Чубарь для приличия помолчал немного после такого трагического рассказа, а потом сказал, желая одновременно и посочувствовать человеку, и поднять в нем дух:
— Это вы просто вбили себе в голову. Вам надо отдохнуть перед тем, как…
— Вы думаете, я переутомился? — Взгляд доктора был устремлен на Чубаря, но глаза оставались все такими же незрячими.
— Не может быть, чтобы то, что случилось с братом и его друзьями, угнетало вас все время! Во всяком случае, так не должно быть. Вот отдохнете…
Но военврач снова перебил Чубаря и, горячась, начал объяснять:
— Это только так кажется. А на самом деле время для отдыха уже было. Однако скальпель взять в руки не могу до сих пор. Единственное, на что еще способен как врач, это прописать лекарство.
— Значит, не все еще потеряно, — умышленно весело сказал Чубарь.
— Но где теперь те лекарства? Теперь деревенский знахарь и тот на большее способен, тот хоть травы разные знает.
— Лекарства у нас найдутся, будет чем лечить, — пообещал Чубарь.
Однако военврач будто не расслышал.
— Я понимаю, — говорил он дальше, — вас смущает несоответствие между тем, как я рассуждаю, точнее, логическая, последовательность моих рассуждений, и тем, что говорю я о себе. Но можете поверить — одно другого не исключает.
Тогда Чубарь пошутил:
— Однако же до сих пор было известно, что… словом, что люди с больным рассудком обычно доказывают, что они самые умные на свете! — Снова речи доктора начали вызывать у Чубаря настороженное чувство, словно в доверительном тоне их явно скрывалось какое-то притворство; Чубарю становилось понятно, что если разговор будет продолжаться и дальше в таком духе, то превосходство, которое он чувствовал до сих пор над своим собеседником, может быть утрачено; между тем Чубарь почему-то самым серьезным образом считал, что для дела, которое он намеревался начать в Забеседье, этот человек потребуется прежде всего; Чубарю казалось также, что военврачу достаточно будет отдохнуть неделю-другую, чтобы прийти в себя и обрести душевное равновесие, и потому он готов был непрестанно твердить ему, что серьезное дело и впрямь возвращает человеку утраченный облик…
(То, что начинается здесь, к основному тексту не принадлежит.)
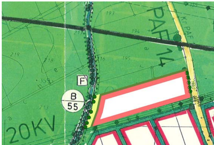
Ausschnitt aus rechtskräftigem FNP

Der rechtskräftige Flächennutzungsplan mit integriertem Landschaftsplan der Gemeinde Ernsgaden stellt die Flächen des Geltungsbereichs der Änderung als landwirtschaftliche Nutzfläche im Sinne des § 5 Abs. 2 Nr. 9 BauGB dar.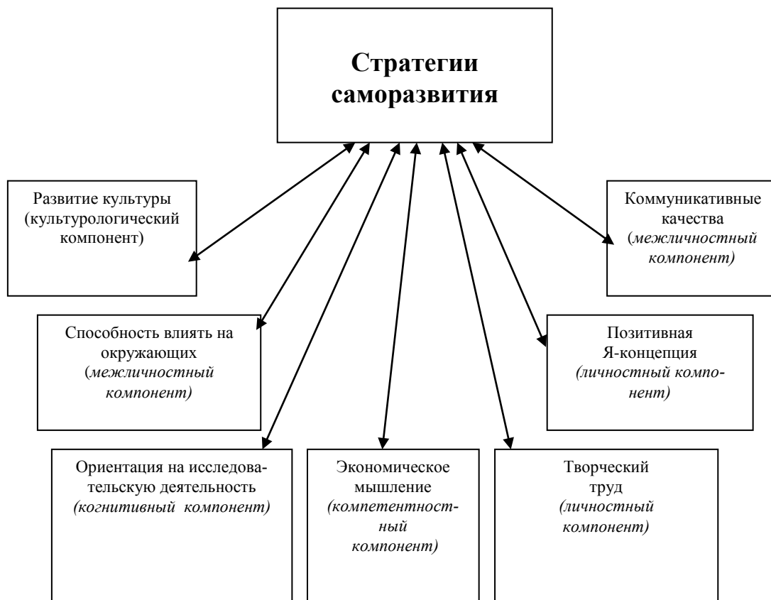
Схема 1. Стратегии саморазвития экономической культуры обучающихся

2) апробация современных образовательных технологий формирования экономической культуры с целью выявления их эффективности: кейс - стадии (обучение с применением конкретных производственных ситуаций, решение ситуационных профессиональных задач), самостоятельная работа на опережающей основе, деловые игры (ее обязательными элементами служат: дидактическая задача, моделирование процесса труда, наличие ролей, различие ролевых целей, игровая конфликтная ситуация, правила игры, состязательность в игре), тренинг, побуждение обучающихся к рефлексии ( анкета- рефлексия, анализ собственной деятельности, ответ на вопрос, побуждающий к рефлексии, оценка обучающимся собственного состояния в процессе работы, самооценка).

— Вот я и говорю, — продолжал рассуждать военврач с прежней непроницаемостью на лице, — одно другого не исключает. У человека в голове всегда найдется место и для умных мыслей, и, как вы говорите, для ненормальных. — Чубарь этого еще не говорил, но возражать не стал. — Порой даже трудно провести границу между ними. Особенно когда человек тренирует свой мозг в одном и том же направлении. А у меня для этого времени хватало. И я успел многое передумать заново, даже переосмыслить. Пусть вас не удивляет, что я хватаюсь сразу за те неточности, за те несоответствия, которые до этого получили в моей голове определенное объяснение. И вообще я… Но нет, об этом лучше не говорить, так как вы собирались уже, кажется, поставить меня к стенке.
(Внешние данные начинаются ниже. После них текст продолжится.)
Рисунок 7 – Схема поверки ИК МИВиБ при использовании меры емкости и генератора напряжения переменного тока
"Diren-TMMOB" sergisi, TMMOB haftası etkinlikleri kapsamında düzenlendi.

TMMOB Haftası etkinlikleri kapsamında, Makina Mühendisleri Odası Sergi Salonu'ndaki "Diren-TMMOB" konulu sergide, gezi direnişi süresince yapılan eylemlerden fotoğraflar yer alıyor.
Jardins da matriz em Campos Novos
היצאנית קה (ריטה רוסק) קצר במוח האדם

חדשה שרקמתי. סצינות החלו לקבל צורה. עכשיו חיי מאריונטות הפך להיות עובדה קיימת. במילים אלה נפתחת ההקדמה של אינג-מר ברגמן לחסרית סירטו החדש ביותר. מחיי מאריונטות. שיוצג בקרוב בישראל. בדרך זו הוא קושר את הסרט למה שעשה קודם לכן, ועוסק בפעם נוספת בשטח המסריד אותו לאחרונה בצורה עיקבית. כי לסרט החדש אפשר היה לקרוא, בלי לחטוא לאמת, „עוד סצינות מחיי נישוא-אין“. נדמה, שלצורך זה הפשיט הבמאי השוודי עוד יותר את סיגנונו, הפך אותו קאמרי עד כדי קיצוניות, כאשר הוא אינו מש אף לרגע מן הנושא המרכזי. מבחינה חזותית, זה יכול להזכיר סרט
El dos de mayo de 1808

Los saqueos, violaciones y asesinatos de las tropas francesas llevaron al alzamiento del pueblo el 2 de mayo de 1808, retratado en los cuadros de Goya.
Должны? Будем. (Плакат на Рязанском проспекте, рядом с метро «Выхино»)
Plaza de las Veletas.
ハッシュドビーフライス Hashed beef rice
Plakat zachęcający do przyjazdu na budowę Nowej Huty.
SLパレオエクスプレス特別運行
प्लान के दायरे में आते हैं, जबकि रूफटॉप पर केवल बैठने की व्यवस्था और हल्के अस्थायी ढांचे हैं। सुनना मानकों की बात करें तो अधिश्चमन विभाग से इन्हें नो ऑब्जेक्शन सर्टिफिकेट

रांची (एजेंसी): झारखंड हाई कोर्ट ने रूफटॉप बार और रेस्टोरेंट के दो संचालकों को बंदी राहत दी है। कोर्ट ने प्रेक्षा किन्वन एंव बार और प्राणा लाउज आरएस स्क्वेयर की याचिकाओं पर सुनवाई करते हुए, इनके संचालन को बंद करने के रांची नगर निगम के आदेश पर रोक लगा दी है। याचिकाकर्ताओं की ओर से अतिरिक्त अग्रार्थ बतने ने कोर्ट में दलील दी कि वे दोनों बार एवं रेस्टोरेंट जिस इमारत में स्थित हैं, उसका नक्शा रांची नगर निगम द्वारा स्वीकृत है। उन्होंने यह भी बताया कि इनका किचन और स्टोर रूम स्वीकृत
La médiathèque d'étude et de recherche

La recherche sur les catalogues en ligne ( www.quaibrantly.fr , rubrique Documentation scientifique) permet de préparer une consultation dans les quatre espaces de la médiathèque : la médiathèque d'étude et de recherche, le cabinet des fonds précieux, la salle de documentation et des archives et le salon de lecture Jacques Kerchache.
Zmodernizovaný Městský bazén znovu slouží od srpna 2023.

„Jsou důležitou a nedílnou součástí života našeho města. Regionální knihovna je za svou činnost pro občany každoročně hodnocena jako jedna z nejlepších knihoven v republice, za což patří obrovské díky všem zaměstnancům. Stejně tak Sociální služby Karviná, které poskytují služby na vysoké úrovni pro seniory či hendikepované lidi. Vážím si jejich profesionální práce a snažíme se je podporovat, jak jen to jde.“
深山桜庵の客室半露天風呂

— Вы преувеличиваете, к стенке ставить вас я не собирался, но решил правильно, — сказал Чубарь. — Вздор молоть не следует. Расскажите, что было с вами потом.
— Когда?
— Да после того, как схоронили брата и его товарищей.
— Попал в плен.
— Выходит, окружение?..
— Нет, в тот раз никакого окружения не было. Просто кто-то пустил слух. Может, лазутчики вражеские… — Военврач помолчал. — А в плен нас взяли через день, — начал он снова. — Недалеко от Слонима. Немцы выбросили за Щарой десант, и наши части, которые не имели сплошной обороны, были зажаты между этим десантом и главными наступающими силами противника. Таким образом, даже боя настоящего не произошло. Сам я сообразил, что нахожусь в плену, лишь тогда, когда на перекрестке шоссейных дорог увидел немецких мотоциклистов с направленными на нас пулеметами. Я не отстреливался. Но если быть до конца точным, то и никто другой не оказал сопротивления. Вдруг все побросали винтовки и отошли к обочине, стали там напротив мотоциклистов. Это потом уже, когда похлебали грязной жижи в лагере, многие спохватились. Однако поздно — вокруг колючая проволока. Правда, кое-кто все же вынашивал план побега. Да я не знаю, удалось ли совершить это кому, так как вскоре меня выпустили из лагеря насовсем.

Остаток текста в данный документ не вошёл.